### EXERCISE:
Go to the line containing "Vaikai Kopgalyje: džiauna" below; retype it and all following lines exactly, and leave out the pictures.

---------- MATERIAL PROVIDED ----------

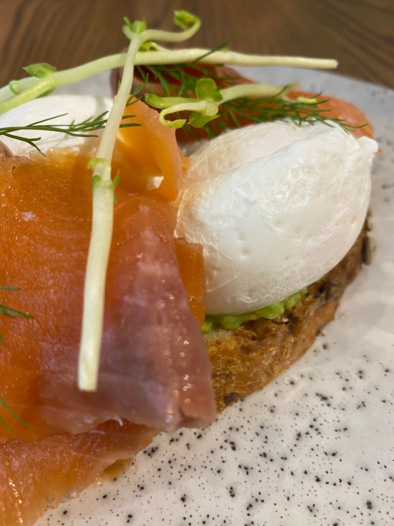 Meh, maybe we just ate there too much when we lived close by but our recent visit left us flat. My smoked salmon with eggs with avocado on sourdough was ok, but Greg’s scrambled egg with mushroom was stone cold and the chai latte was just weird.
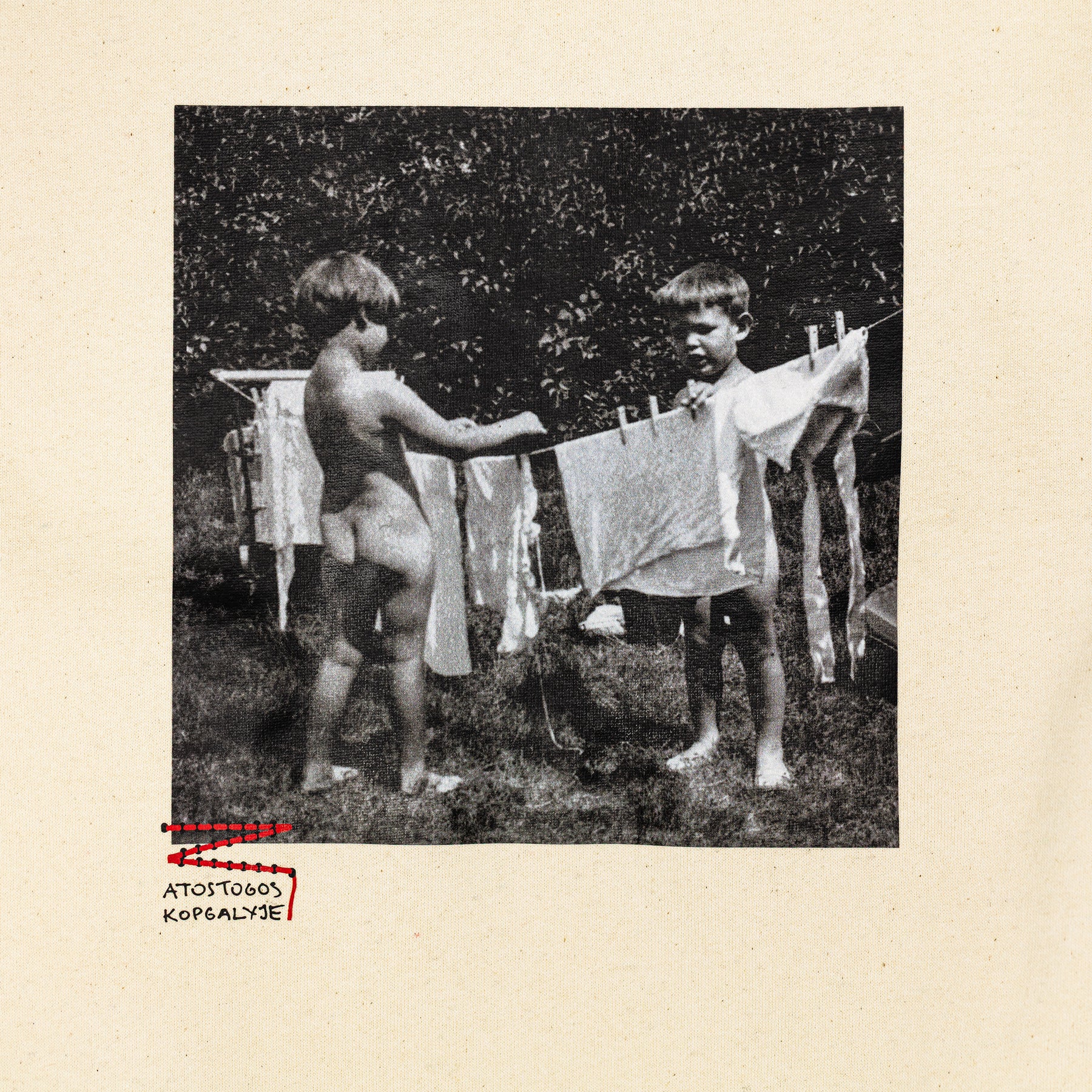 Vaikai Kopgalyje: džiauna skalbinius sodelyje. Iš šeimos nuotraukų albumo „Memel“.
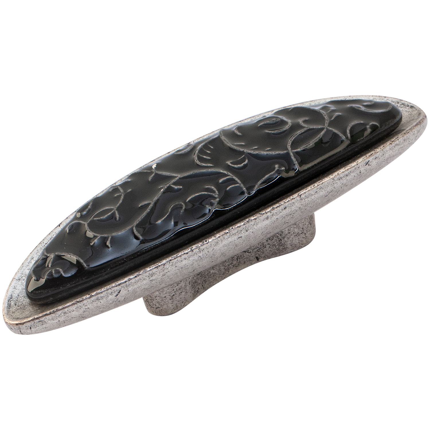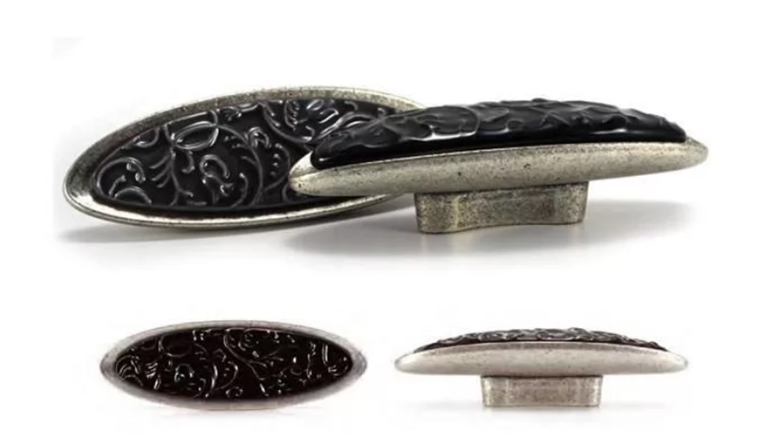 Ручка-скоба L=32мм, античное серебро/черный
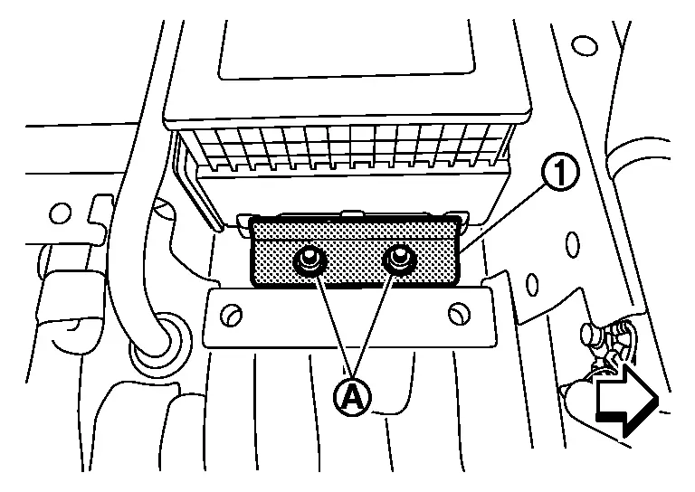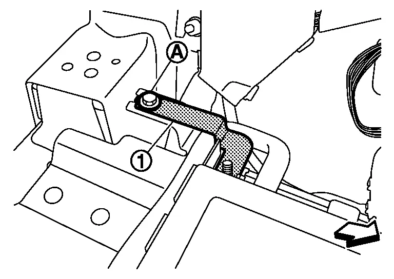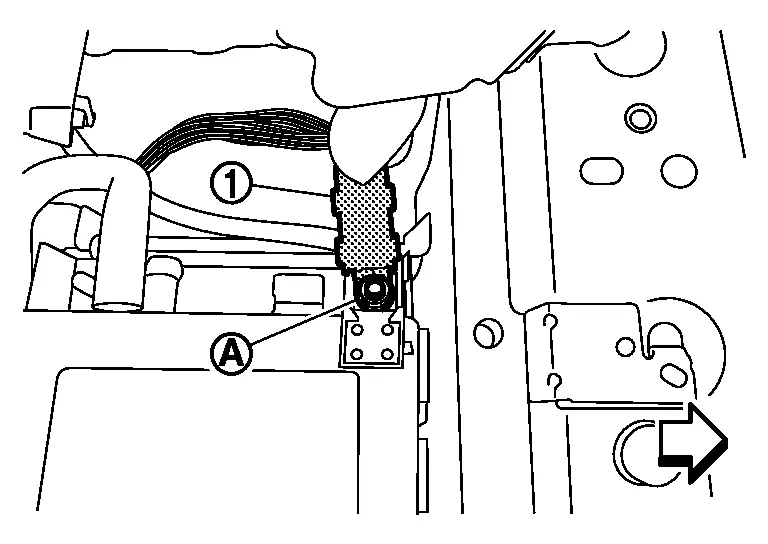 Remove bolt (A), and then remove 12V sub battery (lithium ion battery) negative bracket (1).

----------

### OUTPUT FOR THIS EXERCISE:
 Vaikai Kopgalyje: džiauna skalbinius sodelyje. Iš šeimos nuotraukų albumo „Memel“.
 Ручка-скоба L=32мм, античное серебро/черный
 Remove bolt (A), and then remove 12V sub battery (lithium ion battery) negative bracket (1).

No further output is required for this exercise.